Clont is a prodrug that is used to treat blood clots. The irreversible binding of its active metabolite to the P2Y12 class of ADP receptors on platelets suppresses platelet activation and aggregation. Platelet aggregation inhibition is dose-dependent and visible 2 hours after single oral dosages. On the first day, repeated 75 mg doses decrease ADP-induced platelet aggregation, and inhibition achieves a stable state between Days 3 and 7.
Acute Coronary Syndrome: In patients who need an antiplatelet effect within hours, initiate clopidogrel with a single 300 mg (4 tablets) oral loading dose and then continue at 75 mg once daily. Initiating it without a loading dose will delay the establishment of an antiplatelet effect by several days.
Recent MI, Recent Stroke, or Established Peripheral Arterial Disease: 75 mg once daily orally without a loading dose.
It is given orally with or without food.
NSAIDs, warfarin, and selective serotonin and serotonin-norepinephrine reuptake inhibitors (SSRIs, SNRIs): NSAIDs, warfarin, and selective serotonin and serotonin-norepinephrine reuptake inhibitors (SSRIs, SNRIs): CYP2C19 inhibitors (omeprazole or esomeprazole): Increases the risk of bleeding. Avoid taking omeprazole or esomeprazole at the same time.
Repaglinide (substrates for CYP2C8): Clopidogrel should not be taken with Repaglinide since it raises Repaglinide plasma level.
Clont should not be used if you have any of the following conditions: Hypersensitivity to the medicine or any of the product's components. Peptic ulcer or cerebral hemorrhage are examples of active pathological bleeding.
Clont is generally a well-tolerated drug.
· Common side effects: bleeding, diarrhea, gastrointestinal upset, bleeding, skin reactions.
· Rare side effects: acquired hemophilia, anemia, angioedema, joint pain, arthritis, bone marrow disease.

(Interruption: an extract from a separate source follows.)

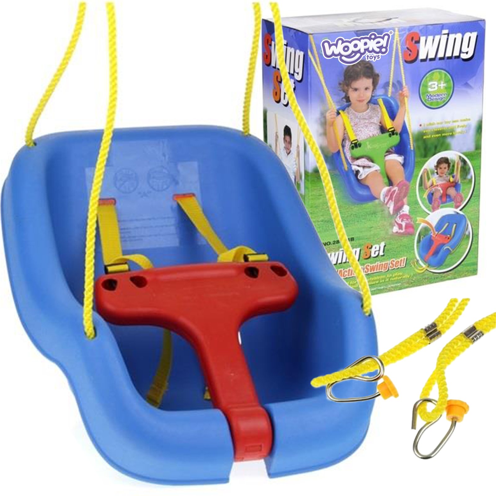 Huśtawka dla maluchów od marki WOOPIE gwarantuje bezpieczną i beztroską zabawę! Huśtawkę można zawiesić zarówno w domu, jak i w ogrodzie. Specjalnie zaprojektowane zabezpieczenia, takie jak pas bezpieczeństwa, wysokie oparcie oraz regulowane siedzisko zapewniają komfort i bezpieczeństwo maluchów podczas zabawy. Huśtawka posiada szerokie siedzisko i otwory na nogi, co ułatwia dzieciom wejście i wyjście. Co więcej, produkt jest dostarczany z liną zakończoną hakami, co ułatwia montaż, a możliwość demontażu niektórych elementów pozwala dostosować fotelik do wieku dziecka.
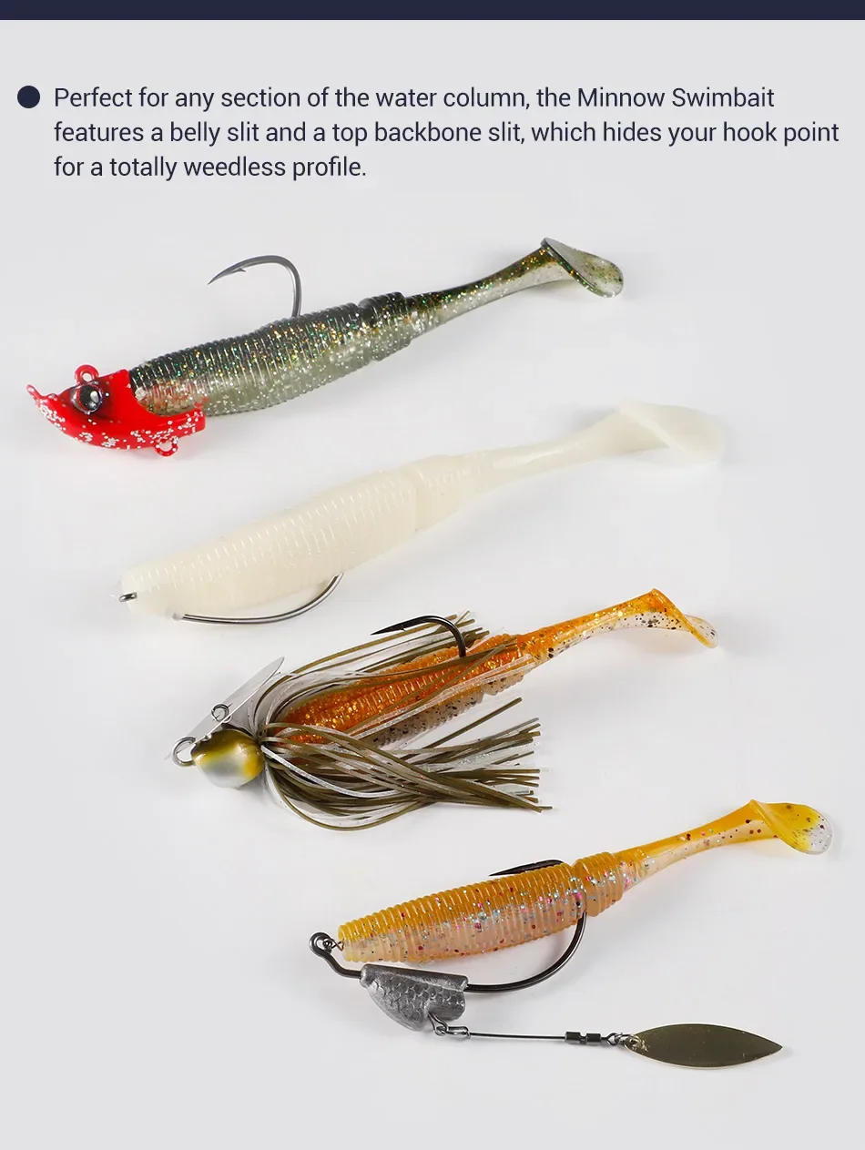 Perfect for any section of the water column, the Minnow Swimbait features a belly slit and a top backbone slit, which hides your hook point for a totally weedless profile.

In pregnant women, there are no sufficient and well-controlled trials. It should only be used during pregnancy if absolutely necessary. Clont is not known to be excreted in human breast milk. Considering the medicine's value to the mother, a decision should be taken whether to quit nursing or discontinue the drug.
Since it is a prodrug, the metabolism of its active metabolites is affected by CYP2C19 (weak metabolizer) gene mutations and drugs that inhibit CYP2C19 (such as omeprazole and esomeprazole). Simultaneous use of these drugs and CYP2C19 weak metabolizers may reduce the antiplatelet activity of clopidogrel.
· Because it inhibits platelet aggregation during the entire life cycle (710 days) of platelets, it may increase the risk of bleeding. In order to restore hemostasis, platelet transfusion within 4 hours after the loading dose or within 2 hours after the maintenance dose may be less effective.
· Discontinuation of clopidogrel increases the risk of cardiovascular events. If you stop 5 days before the elective surgery, you have a higher risk of bleeding. Clopidogrel treatment was resumed immediately after hemostasis.
· Thrombotic thrombocytopenic purpura (TTP) that requires emergency treatment has been reported, including plasma exchange (plasma exchange).
· In patients receiving clopidogrel or patients with a history of allergies to other thienopyridines, allergies have been reported, including skin rash, angioedema, or hematological reactions.
Keep the temperature below 30°C and away from light and moisture. Keep out of children's reach.